Acute toxicity: via inhalation route
Endpoint conclusion
- Endpoint conclusion:
- no study available
Acute toxicity: via dermal route
Link to relevant study records
- Endpoint:
- acute toxicity: dermal
- Type of information:
- experimental study
- Adequacy of study:
- key study
- Study period:
- From 27 March 2013 to 10 April 2013
- Reliability:
- 1 (reliable without restriction)
- Rationale for reliability incl. deficiencies:
- other: The study was conducted according to the OECD Guideline and EU Method in compliance with GLP.
- Qualifier:
- according to guideline
- Guideline:
- OECD Guideline 402 (Acute Dermal Toxicity)
- Deviations:
- no
- Qualifier:
- according to guideline
- Guideline:
- EU Method B.3 (Acute Toxicity (Dermal))
- Deviations:
- no
- GLP compliance:
- yes (incl. QA statement)
- Test type:
- other: Limit test
- Limit test:
- yes
- Species:
- rat
- Strain:
- other: Wistar (RccHan:WIST)
- Sex:
- male/female
- Details on test animals or test system and environmental conditions:
- TEST ANIMALS
- Source: Harlan Laboratories UK Ltd., Oxon, UK.

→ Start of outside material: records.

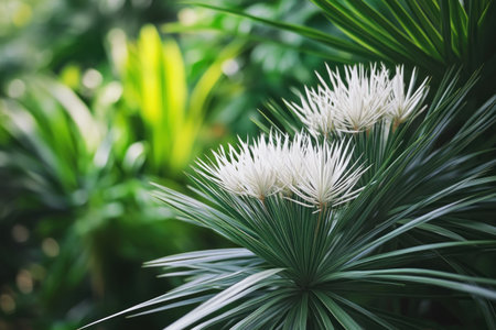 In local park grows plants with long green leaves. Exotic plants brought from Europe. Concept of modern plants and study of new types of flowers.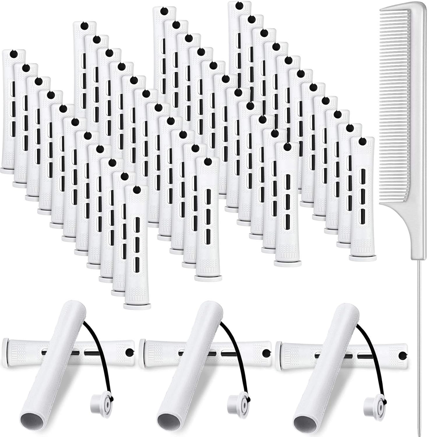 как выглядит 48 Pieces Hair Perm Rods Short Cold Wave Rods Plastic Perming Irons Hair Curling фото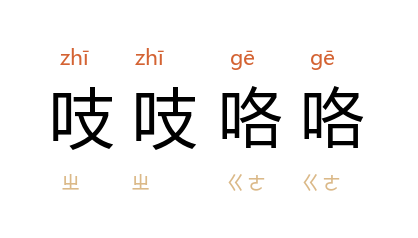 ⒈ 状声词:(1) 形容说话吞吐而细小的声音。(2) 形容笑声。或读为ㄗ ㄗ ㄍㄜˊ ㄍㄜˊ zī zī gé gé。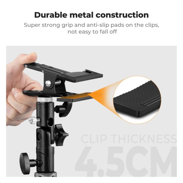 El soporte para reflector K&F CONCEPT Heavy-Duty Photography Reflector Bracket está equipado con una pinza metálica resistente, un revestimiento antideslizante y una base universal de 5/8", lo que permite a los fotógrafos fijar de forma segura los reflectores o los paraguas sin necesidad de un asistente, garantizando así un control estable y cómodo de la iluminación.

- Age at study initiation: 8-12 week
- Weight at study initiation: 200 g ±20%
- Housing: The animals were housed in suspended solid floor polypropylene cages furnished with woodflakes. The animals were housed individually during the 24 h exposure period and in groups of five, by sex, for the remainder of the study.
- Diet: 2014C Teklad Global Rodent diet supplied by Harlan Laboratories UK Ltd., Oxon, UK ( ad libitum)
- Water: Free access to mains drinking water
- Acclimation period: 5 d
ENVIRONMENTAL CONDITIONS
- Temperature 19 to 25 °C
- Humidity: 30 to 70%
- Air changes: 15/h
- Photoperiod: 12 h dark/ 12 h light - Type of coverage:
- semiocclusive
- Vehicle:
- unchanged (no vehicle)
- Details on dermal exposure:
- On the day before treatment the back and flanks of each animal were clipped free of hair. The calculated volume of test substance, as received, using a graduated syringe. A piece of surgical gauze was placed over the treatment area and semi occluded with a piece of self adhesive bandage. The animals were caged individually for the 24 h exposure period. Shortly after dosing the dressings were examined to ensure that they were securely in place. After the 24-h contact period the bandage was carefully removed and the treated skin and surrounding hair wiped with cotton wool moistened with distilled water to remove any residual test substance. The animals were returned to group housing for the remainder of the study period.
- Duration of exposure:
- 24 h
- Doses:
- 2000 mg/kg bw
- No. of animals per sex per dose:
- 5/sex
- Control animals:
- not required
- Details on study design:
- The animals were observed for deaths or overt signs of toxicity ½, 1, 2 and 4 h after dosing and subsequently once daily for 14 d. After removal of the dressings and subsequently once daily for 14 d, the test sites were examined for evidence of primary irritation and scored according to the scale from Draize J H (1977). Individual body weights were recorded prior to application of the test substance on Day 0 and on Days 7 and 14. At the end of the study the animals were killed by cervical dislocation. All animals were subjected to gross necropsy. This consisted of an external examination and opening of the abdominal and thoracic cavities. The appearance of any macroscopic abnormalities was recorded. No tissues were retained.
- Sex:
- male/female
- Dose descriptor:
- LD50
- Effect level:
- > 2 000 mg/kg bw
- Based on:
- test mat.
- Mortality:
- There were no deaths.
- Clinical signs:
- other: No signs of systemic toxicity were noted during the observation period.
- Gross pathology:
- No abnormalities were noted at necropsy.
- Other findings:
- Signs of dermal irritation noted were well-defined erythema, very slight edema, crust formation, small superficial scattered scabs and scab lifting at edges to reveal bleeding or dried blood.
- Interpretation of results:
- not classified
- Remarks:
- Migrated information Criteria used for interpretation of results: EU
- Conclusions:
- The acute dermal median lethal dose (LD50) of the test substance in the Wistar strain rat was found to be greater than 2000 mg/kg bw.
- Executive summary:
The study was performed to assess the acute dermal toxicity of C12-14 alkylmorpholine in the Wistar strain rat according to the OECD Guideline 402 and EU Method B3 in compliance with GLP.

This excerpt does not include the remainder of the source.